There were also international projects like the animated Ramayana, titled “Warrior Prince - The story of Lord Ram”. Directed by the Japanese filmmaker Yugo Sako, it combined three styles of animation and won considerable acclaim at film festivals and generated an army of young fans. Based on Valmiki’s Ramayan, the story transformed Lord Ram into a super-hero of sorts who was battling with demons and ten-headed monster kings to rescue his beautiful wife and damsel in distress Sita.

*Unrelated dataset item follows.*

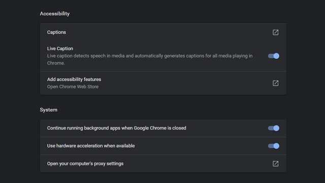 - 在 Chrome 浏览器中转到设置-> 可访问性-> 实时字幕(chrome://settings/accessibility),然后启用实时字幕切换(Live Caption)。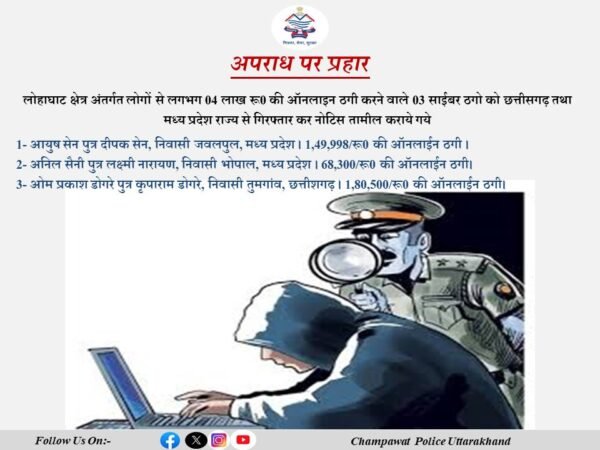 चम्पावत : लोहाघाट क्षेत्र अंतर्गत लोगों से लगभग 04 लाख रूपये की ऑनलाइन ठगी करने वाले 03 साईबर ठगो को छत्तीसगढ़ तथा मध्य प्रदेश राज्य से गिरफ्तार कर नोटिस तामील कराये गये।  पुलिस अधीक्षक जनपद चम्पावत अजय गणपति के निर्देशानुसार तथा पुलिस उपाधीक्षक चम्पावत /टनकपुर के पर्यवेक्षण में जनपद चम्पावत में ऑनलाईन ठगी करने वाले अभियुक्तों के विरूद्ध कार्यवाही किये जाने हेतु निर्देशित किया गया है।

And while the Warrior Prince does not really dwell on Sita’s banishment, a 2009 animation film named “Sita Sings the Blues” did just that. A musical and very personal interpretation of the epic made by Nina Paley, the film drew a parallel between the filmmaker’s divorce and Ram leaving Sita. Switching between the locations of a modern San Francisco and an ancient Lanka and Ayodhya, the movie not only presented the viewers with an abridged version of the epic, but also how morals from the tale could be applied to make sense of the relationship problems that we are all plagued with at one time or another. And if not as a solution for a break-up, the film shows that you can probably find solace in the fact that even Ram and Sita had to separate and they were Gods, so what chance do we mere mortals have!!
Now that’s something that renowned filmmaker Mani Ratnam will be exploring in his soon-to-be released movie ‘Raavan’. The multi-star project is said to be a modern take on the Ramayana with the twist being that the abducted wife starts feeling sympathy for her abductor, a man of multiple facets. Or figuratively speaking, a man who has ten heads.
The Ramayana is one of those epics that will always be drawn upon as inspiration or reference. Be it as a justification for fundamentalists to appropriate certain lands, to urge a woman to leave her life behind to be with her husband, or even to settle a family dispute, it’s inevitable that the characters from this great story will be used as examples for all eternity. And while one hopes that the influence of the epic continues to live on, I also hope that it is not used as a justification to perpetuate injustices in the name of norms and conventions. After all the Ramayana that has had the power to transcend all kinds of cultural and physical boundaries deserves to be treated with a little more respect than that. Don’t you agree?